• **Data**
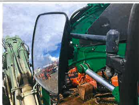
◎ : 安全装置 後写鏡
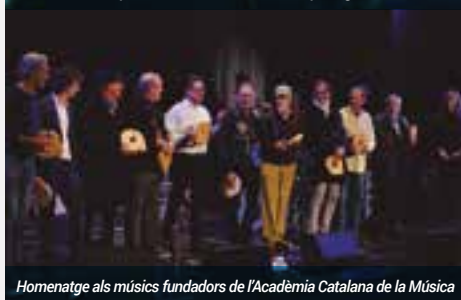
Homenatge als músics fundadors de l'Acadèmia Catalana de la Música
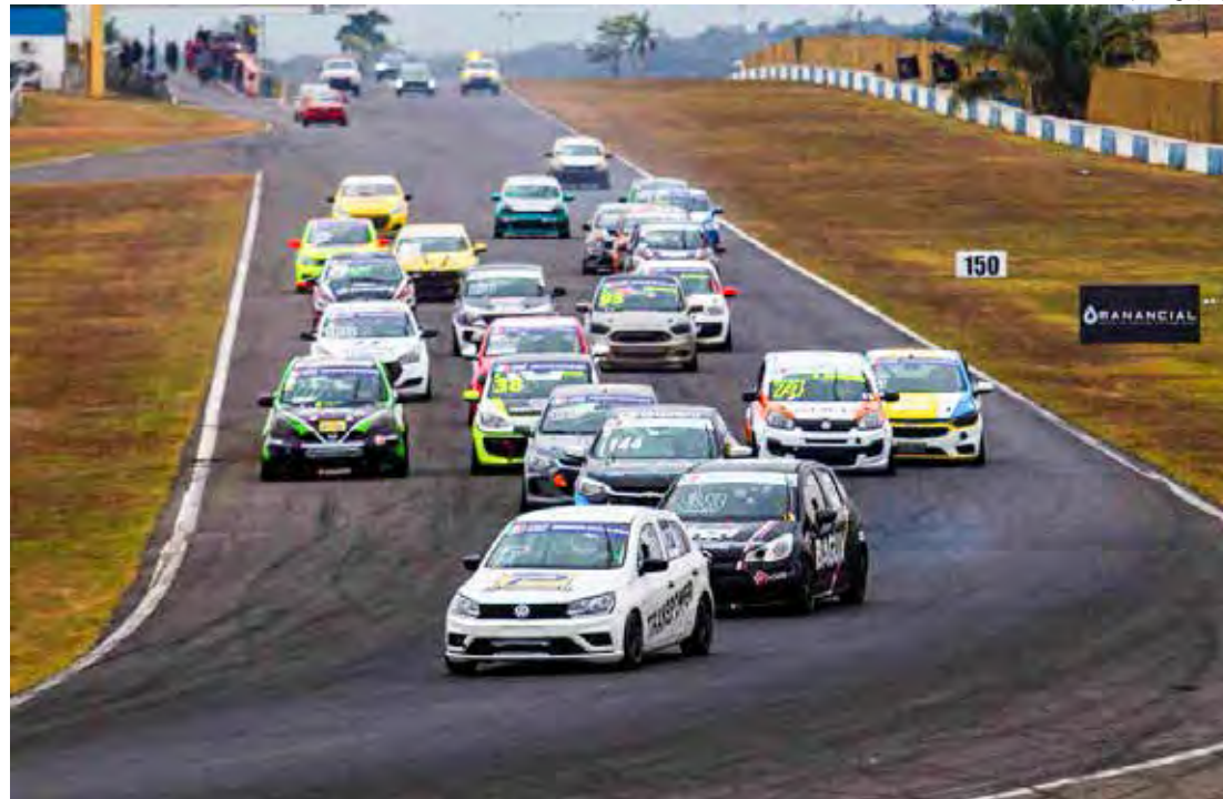
Goiânia sedia primeira etapa do campeonato

A proposta caiu no gosto de equipes e pilotos, com 37 carros inscritos. A programação da abertura do Marcas Brasil Racing contará com quatro sessões de treinos livres nesta sexta-feira (10). A partir das 17h25 acontece o treino classificatório. No sábado as largadas estão previstas para as 10h35 e 13h35. Já no domingo, sinais vermelhos apagados às 11h20 e 14h45.

• **Problem to work on**
The response is the full listing, copied exactly, with the pictures omitted.

• **The completed task**
◎ : 安全装置 後写鏡
Homenatge als músics fundadors de l'Acadèmia Catalana de la Música
Goiânia sedia primeira etapa do campeonato

A proposta caiu no gosto de equipes e pilotos, com 37 carros inscritos. A programação da abertura do Marcas Brasil Racing contará com quatro sessões de treinos livres nesta sexta-feira (10). A partir das 17h25 acontece o treino classificatório. No sábado as largadas estão previstas para as 10h35 e 13h35. Já no domingo, sinais vermelhos apagados às 11h20 e 14h45.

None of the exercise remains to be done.